Светлый фон

В Новозыбкове на работу никто не брал. Пришлось уехать в Новоалександровск Ковенской губернии к дяде. Но пробыл тут недолго, вернулся домой. Прошел слух, будто в Ригу приходят корабли со всего света, грузчики там на вес золота. Решил Павел отправиться. Родители на последние деньги справили новую одежду. Отец выхлопотал паспорт.

— Попытай, Павлуша, счастья, может, оно тебе и улыбнется. Нас оно стороной обходило.

Мать сшила мешок с лямками. Попрощался Павел с родными и поехал искать заветное счастье на берегах Балтийского моря.

Добрался до Риги, только грузчиком устроиться не удалось. «Своих безработных хватает». Долго бедствовал, случалось, и голодный ходил сутками… Под Либавой батрачил у кулака «за харчи». А заморские корабли не давали покоя. Вернулся в Ригу. Помогли бывшие балтийские матросы-грузчики: «Парень здоровый, — сказали, — работать может». Взяли в свою артель, а с двумя — Львовым и Филатовым крепко подружился. В 1909 году вместе с портовиками Павел вышел на первомайскую демонстрацию, даже выступил с речью против существующих порядков. Тогда-то и испробовал казацкой нагайки. Арестовали, обвинили в поддержке организации РСДРП и антиправительственной агитации среди рабочих. К суду, правда, не привлекли, а дело о политической неблагонадежности завели и с работы уволили… Перебивался кое-какими заработками. По вечерам учился на курсах электриков.
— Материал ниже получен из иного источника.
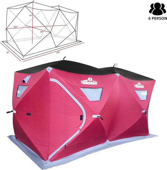 Includes 12 heavy duty ice anchors and reinforced tie downs to hold secure on windy days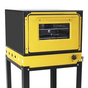 O Forno Profissional Bravo Amarelo conta com sistema de gás GLP e registro regulador de gás com 5 posições com consumo de gás de 0,380kg/h.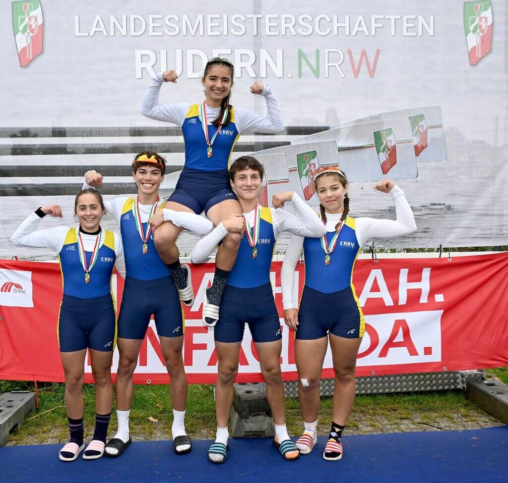 Im Herbst gab es für die ETUF-Ruderinnen und -Ruderer noch zwei Höhepunkte, die NRW-Landesmeisterschaft, die dieses Jahr am 5. Oktober in Krefeld stattfand, und die deutsche Sprintmeisterschaft vom 10. bis 12. Oktober in Wiesbaden. In Krefeld traten alle Altersklassen einschließlich der Jungen und Mädchen über eine Strecke von 1000 Metern an. Carla Högner ruderte bei den 14jährigen Mädchen auf einen hervorragenden zweiten Platz. Max Zimmer kam bei den 14jährigen Leichtgewichten auf den vierten Platz im B-Finale. Vierte Plätze gab es für Malou Schmidt im Frauen-Einer und für Antonia Mohnfeld und Paulina Gardlo im ungesteuerten Frauen-Zweier. Ein ganzes Bündel Medaillen holte sich Beta van Emmerich. Bei den fünfzehn- und sechzehnjährigen Juniorinnen gewann sie Silber im Einer und dann gleich dreimal Gold im Doppelzweier, im Doppelvierer und im Mix-Vierer.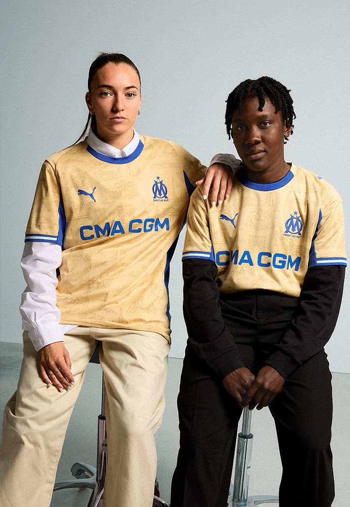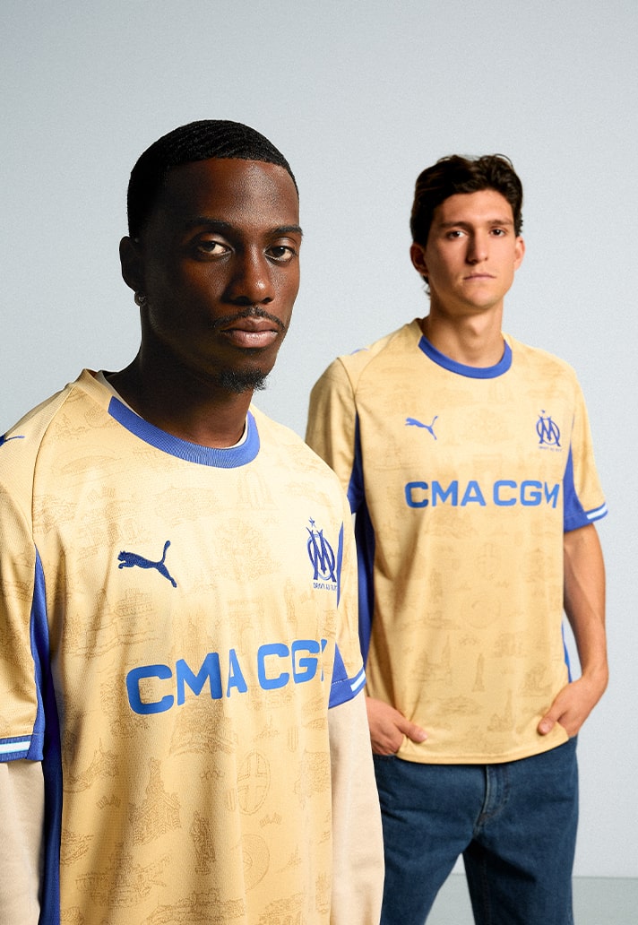 The shirt’s golden isn’t just for its sharp aesthetics, its lifted directly from the hue of Notre-Dame de la Garde – the monument that watches over Marseille from above, also known as la Bonne Mère. For generations, she has been the city’s spiritual anchor, a constant reference point for those who live there and those who leave but never forget. As the landmark prepares to reopen after months of construction, PUMA and OM are channelling that energy into fabric, creating something that reflects the city’s heartbeat.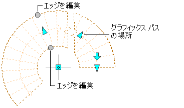 螺旋階段グラフィック パス ロケーション、およびエッジの編集グリップ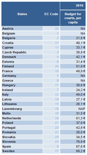 V letu 2016 je prek davkov vsak davkoplačevalec za Slovensko sodstvo odštel 78.8 €, kar Slovenijo uvršča v sam vrh proračunskih sredstev namenjenih za sodišča. Tako se uvrščamo pred Švedsko (68.2 €), Španijo (67.6 €) in Nizozemsko (61.3 €) na prebivalca.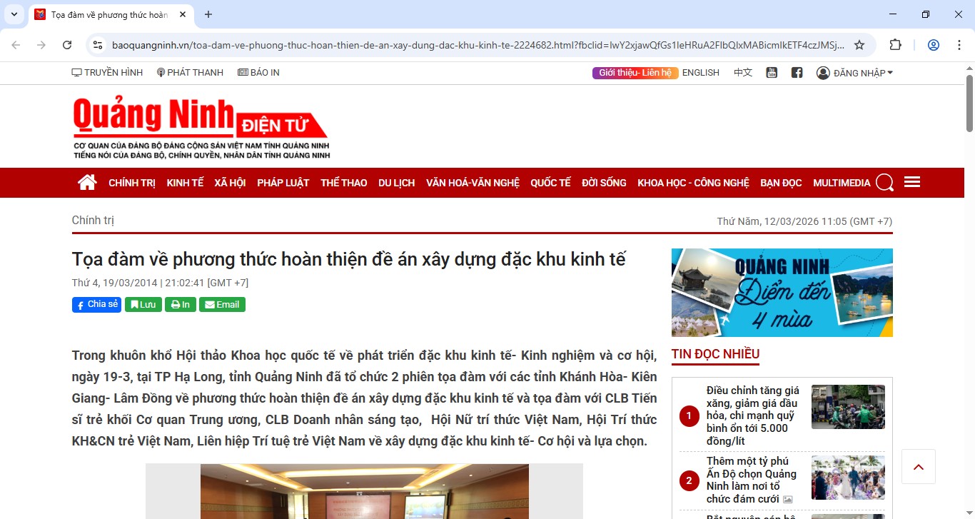 Báo Quảng Ninh: Tọa đàm về phương thức hoàn thiện đề án xây dựng đặc khu kinh tế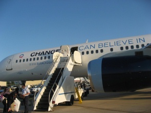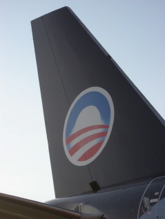奧巴馬競(jìng)選專(zhuān)機(jī)上的個(gè)人標(biāo)識(shí)。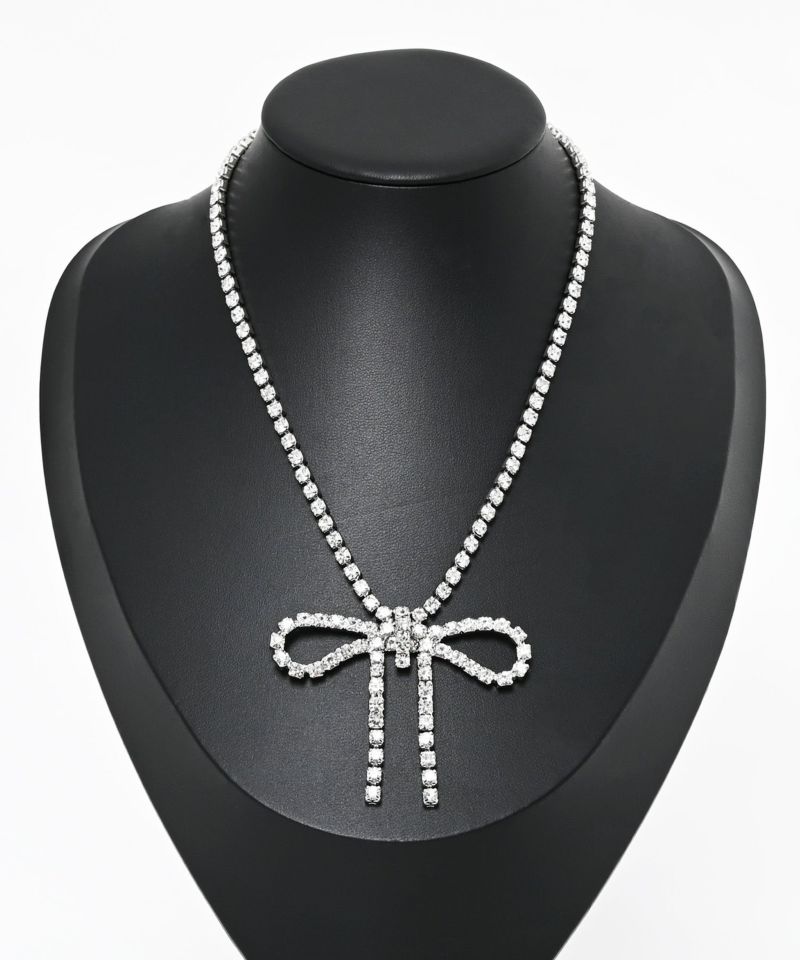 ビジューで作られたリボンモチーフが特徴的なネックレス。ご自身の好みに合わせて、チェーンの長さが調整できるのも嬉しいポイント。パーティーシーンや普段のコーデまで幅広くお使いいただけます。

Приближалось время призыва. «Не пойду служить царю», — сказал Павел Львову и Филатову. Уклонился от явки на призывной участок. Вначале не трогали, а в декабре 1911 года вызвали в полицию и по этапу отправили в Новозыбков… Разрешили навестить родителей. Мать расплакалась. Отец с горечью произнес:

— Стало быть, не нашел ты, Павлуша, счастья. На царевой-то службе его и подавно не сыщешь…

Вместе с новозыбковцами-земляками Дыбенко повезли в Петроград.

 

Чугунные ворота с большими медными якорями затворились.

— Крюковские казармы, — объявил унтер-офицер Драгунов, сопровождавший новобранцев.

Этот не по-зимнему сырой день Павел хорошо запомнит: было первое воскресенье января 1912 года.

Унтер-офицера Драгунова словно подменили. Когда ехали в поезде, не кричал, даже казался робким. Теперь превратился в «шкуру», так унтеров называли за ревностную службу, собачью преданность начальству, постоянную слежку за нижними чинами. Матросов иначе не называл, как «хари», «морды», «серая деревенщина».

Тихие получали от Драгунова зуботычины, многие были обруганы. Придирался и к Дыбенко, вызывал на скандал, но прикоснуться боялся, понимал — этот верзила с недобрым взглядом и сам может влепить.